ПРИМЕЧАНИЕ: Специально разработана схема PA90 Op-Amp для обеспечения как чувствительности, необходимой для определения уровня в одной ячейке с помощью запирающего усилителя, так и высоких напряжений, необходимых для подачи достаточно сильных электропорационных импульсов. Обратитесь к техническому описанию PA90 для получения спецификаций на рекомендуемую схему39.

  1. Инициализируйте блокируемый усилитель с настройками тока предварительного усилителя и настройте его с помощью алгоритма. Обратитесь к Zheng et al. для получения подробной информации о настройках блокировки32.
  2. Блоки питания, генератор функций и усилитель
    1. Источник питания 1: Установите -15 В для питания отрицательного конца цепи.

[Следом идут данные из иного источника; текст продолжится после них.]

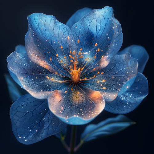 in 2d digital art but somewhat realistic, A delicate, silver-blue flower with thin, drooping petals that curl inward like a bell. The plant’s stem is covered in a fine layer of ash, and it releases a subtle glow when touched. The flower is faintly luminescent in the dark.

    2. Источник питания 2 (генератор функций): Установите выходной сигнал постоянного тока и установите амплитуду на 2 В. Подключите к входу усилителя 50x.
    3. Программа Генератор электропорационных импульсов для квадратной волны: Установите желаемую ширину импульса (рабочий цикл) и желаемую амплитуду импульса (вольты).

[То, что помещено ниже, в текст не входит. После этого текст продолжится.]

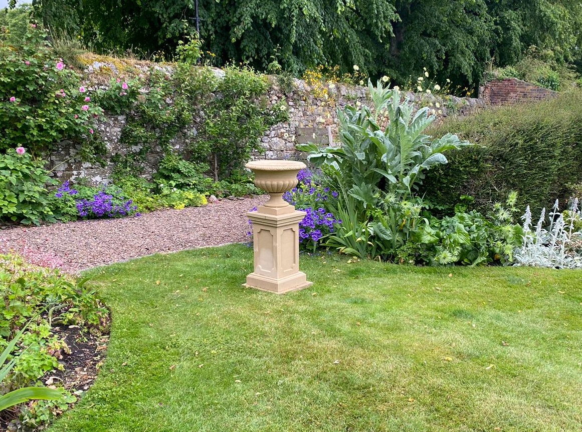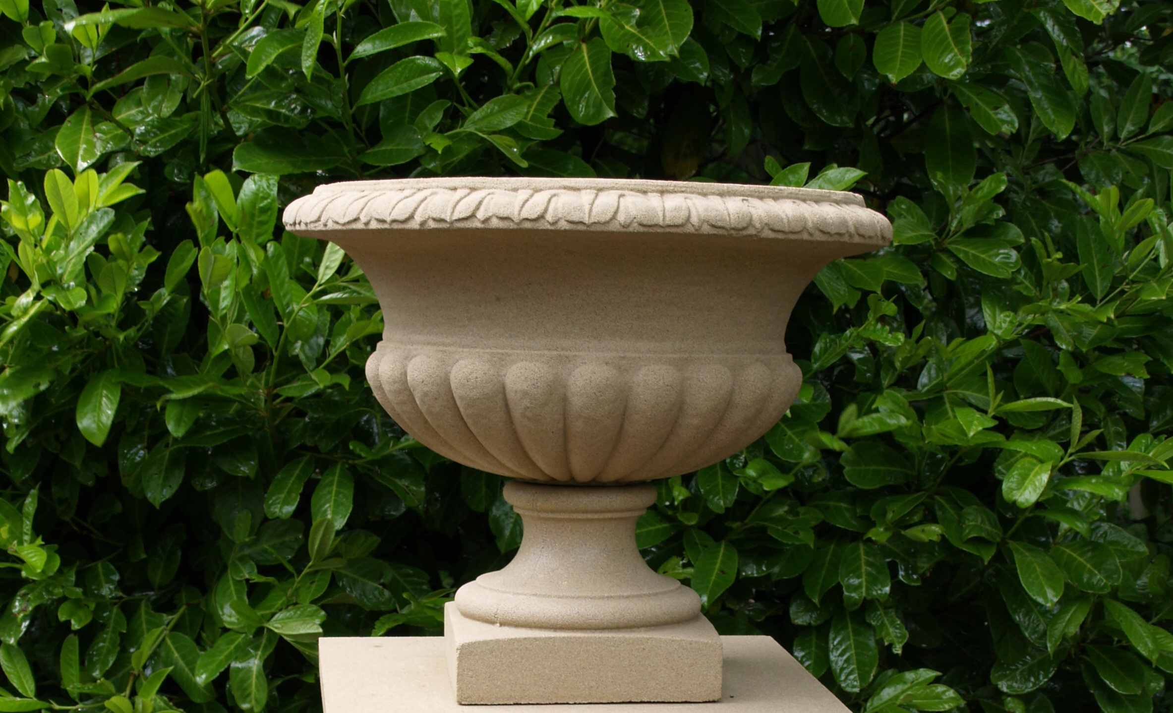 The Hampton Urn features leaf pattern to the rim with the main body gadrooned down to the base. Suitable for small to medium planting.

    4. Установите выход в режим срабатывания (1 импульс). Подключите выход к входу 50-кратного усилителя.
      ПРИМЕЧАНИЕ: Помните о 50-кратном усилении при программировании амплитуды импульса. Т.е. для достижения напряженности электрического поля 1 кВ/см требуется в общей сложности 30 В, 30 В/300 мкм (расстояние между электродами), поэтому выход генератора функций должен быть установлен на 30/50, или 600 мВ.

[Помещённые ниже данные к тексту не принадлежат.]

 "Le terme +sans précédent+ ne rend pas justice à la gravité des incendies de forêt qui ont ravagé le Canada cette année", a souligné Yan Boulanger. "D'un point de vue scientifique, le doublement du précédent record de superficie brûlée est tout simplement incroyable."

    5. Проверьте выходы 50-кратного усилителя с помощью осциллографа. Выход 1-100 В от блока питания 2 (9.2.2). Выходная 2-переменная амплитуда для импульса электропорации (9.2.4).
    6. Подключите 10-кратный зонд к каналу осциллографа и к готовому микроустройству (тестируемому устройству, DUT) на этапе 7.6, где будет применяться электропорационный импульс. Контролируйте систему во время экспериментов, чтобы убедиться, что импульсы применяются.
    7. Убедитесь, что USB-накопитель подключен и зарегистрирован. Дважды проверьте все настройки блокировки в коде алгоритма (самое главное, частоту блокировки вывода).
  3. Микроскоп/ПЗС-камера
    1. Поместите микроустройство на сцену микроскопа с помощью держателя слайда. Включите ПЗС-камеру и поместите микрофлюидный канал в фокус. Используйте цель 4x или 10x.

figure-protocol-21831
Рисунок 3: Схема экспериментальной установки - Обнаружение одиночных ячеек. Мощный операционный усилитель (PA-90) позволяет накладывать импульс электропорации высокого напряжения на фиксированный выходной сигнал переменного тока, необходимый для обнаружения одной ячейки. Этот сигнал возбуждения проходит через микроэлектропорационное устройство (Device Under Test, DUT), где ток затем усиливается предварительным усилителем тока и подается в алгоритм. Система непрерывно отслеживает событие обнаружения ячеек. При входе в ячейку цифровой сигнал генерируется блокирующим усилителем, чтобы инициировать подачу электропорационного импульса к ячейке (ячейкам) в пути. Условные обозначения: PA-90 (мощный операционный усилитель), DUT (тестируемое устройство), DIO (цифровой вход/выход), FG-EP (генератор функций / электропорационный импульс), 50X (усилитель 50X), PS-V- (питание / отрицательное напряжение для PA 90), FG-V+ (генератор функций, положительное напряжение для PA 90). Пожалуйста, нажмите здесь, чтобы просмотреть увеличенную версию этого рисунка.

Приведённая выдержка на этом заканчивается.